Опубликованы наброски Владимира Набокова к будущему роману «Лаура и ее оригинал». Их вполне достаточно, чтобы понять: перед нами абрис несомненного шедевра

Есть все-таки что-то мистическое во всей этой истории с публикацией недописанного набоковского романа. Туманное предисловие сына писателя Дмитрия, решившегося вопреки ясно выраженной воле отца карточки с набросками книги не сжигать, напротив — опубликовать, предисловие, намекающее на потустороннее участие и поддержку отца в принятии этого непростого решения, тут ни при чем. Мистика в другом: в явлении этого текста сегодня, сейчас, в ситуации совсем уж удушающего безрыбья и наготы отечественной словесности, которая к моменту присуждения очередной премии едва находит, чем прикрыться. При таком раскладе голос писателя, благодаря публикации на мгновение сделавшегося нашим современником, стоявшего уже на пороге вечности и тем не менее аккуратно строчащего свои карточки, звучит громоподобно, устыжающе, жутко. Нам явился каменный гость. О, тяжело пожатье каменной его десницы!

До того как откроешь эту книгу, можно думать о важности (неважности) последней воли автора, о психологии наследников, цинизме книжного бизнеса и о том, что недописанные книги, наверное, правильней было бы издавать иначе: сначала — в составе академического собрания сочинений, потом — массовым тиражом, но все это, повторюсь, до. Едва начинаешь чтение, на тебя немедленно набрасывается все это. «Слепой черный щенок», он же «бесформенный ридикюль», крошечные фигурки, красные и белые, подаренных мистером Гумбертом  Г. Гумбертом шахмат (да, Набоков окликает самого себя на каждом шагу), полуразрушенные крылечные ступеньки, «заросшие мятой и колокольчиками среди можжевеловых кустов», «оранжево-лучистые, как брызнувшее из-за туч солнце», веера, «летнее воскресенье в полоску». Стилевое изящество, жесткая точность найденных слов и образов, как кажется, совершенно адекватно переведенных с английского, и вот эта особенная повествовательная набоковская бестрепетность пленят и самых неистовых поклонников писателя, и его ненавистников, пленят и доведут до сладкого обморока, обморока восторга.

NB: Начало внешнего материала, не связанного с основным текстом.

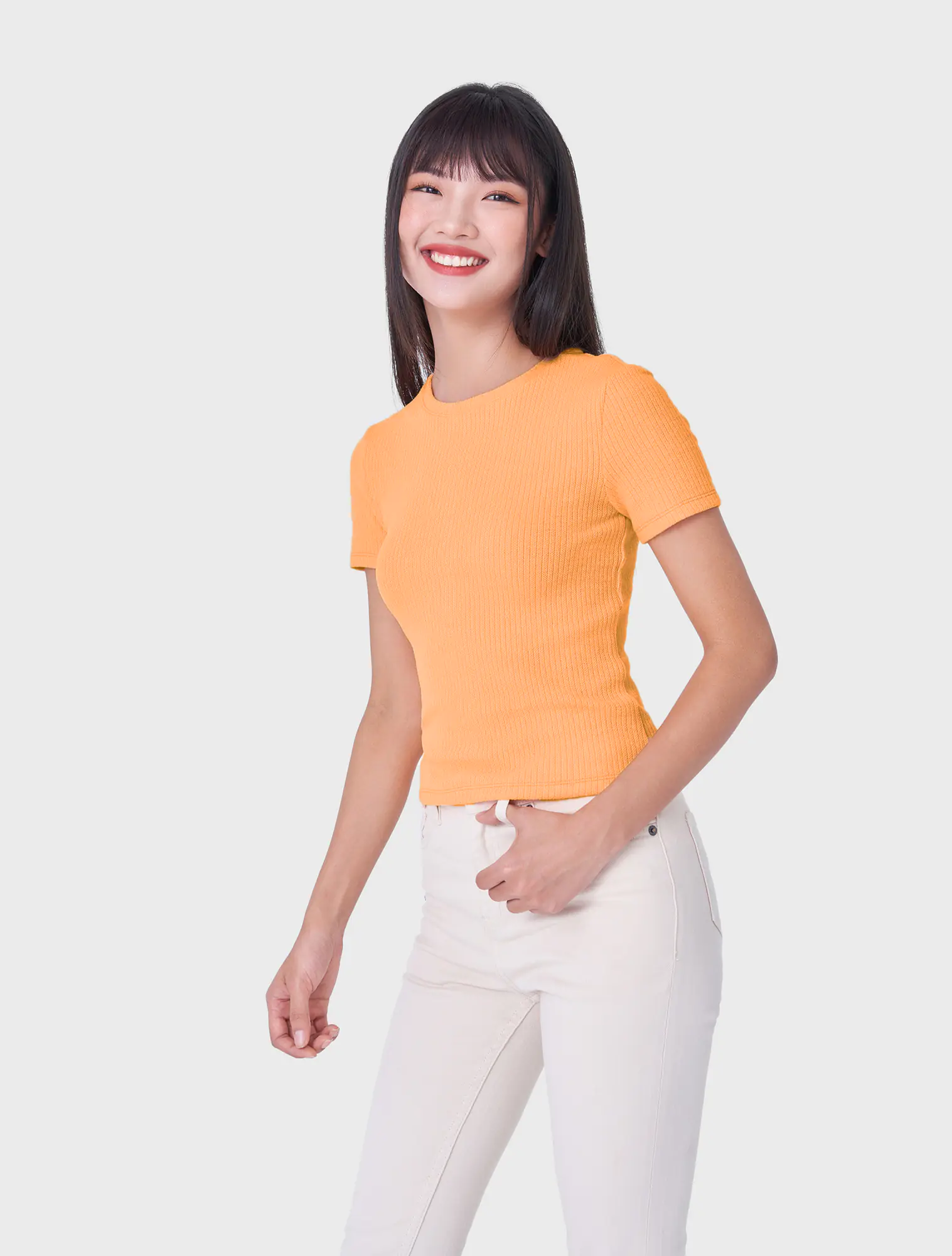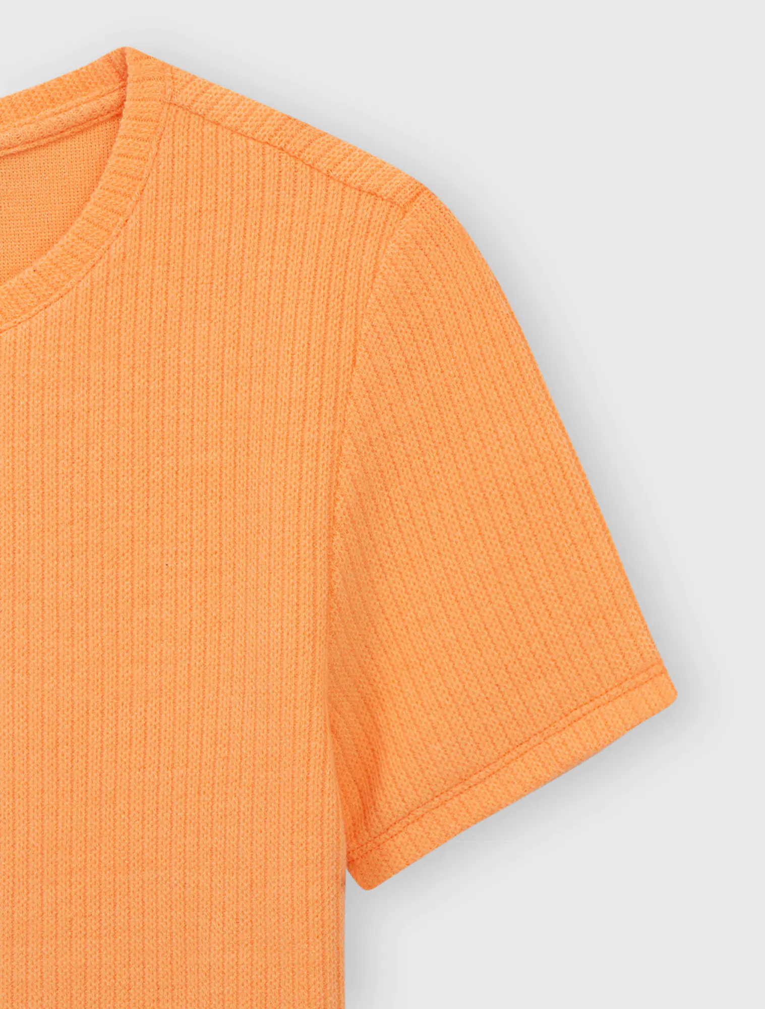Áo phông cộc tay, thiết kế đơn giản tập trung vào cấu trúc vải dệt làm điểm nhấn.

Потому что в каждом отрывке здесь поступь великого мастера, в каждой реплике — царственная стать.

В этом и заключается основное наслаждение, которое получаешь от «Лауры и ее оригинала», — наслаждение стилистическим совершенством фрагментов. Набоков был и великолепным архитектором своих вещей, но по 138 карточкам судить о композиционных достоинствах будущего романа невозможно. Как и оценить глубину замысла, впрочем в любом случае интересного, перспективного, сложного. Здесь намечены лишь общие контуры сюжета.

Врач-невролог Филипп Вайлд, знаменитый ученый, болезненно полный, страдающий от избытка своего тела, врастающих ногтей на ногах, начинает борьбу с терзающей его плотью — учится стирать себя, впадая в гипнотранс: «Тонкое основание моего мелом начертанного “я” было стерто и таковым оставлено, когда я решил выйти из своего гипнотранса. Истребление десяти пальцев ног сопровождалось привычным ощущением сладострастной неги». Вторая, хотя не исключено, что и первая, открывающая роман сюжетная линия — история детства и любовных похождений Флоры, хрупкой девушки-ребенка с задатками нимфоманки, о которой один из ее любовников написал гениальный роман «Лаура». Не забыв описать в романе и смерть главной героини, одна из самых сильных сцен именно эта.

Итак, перед нами богатый замысел, задевающий множество тем, которые мы, однако, можем лишь перебрать, как клавиши, как карточки в каталоге. Сознательное самоуничтожение, оправданность самоубийства, зеркала, наставленные друг на друга, литература — жизнь — литература («весь ее изящный костяк тотчас вписался в роман») — перебрать и выдернуть руку из каменной десницы, сбежать от этого слишком уж оглушительного свидетельства о том, что такое подлинное литературное мастерство и величие, большая книга и лучший роман года.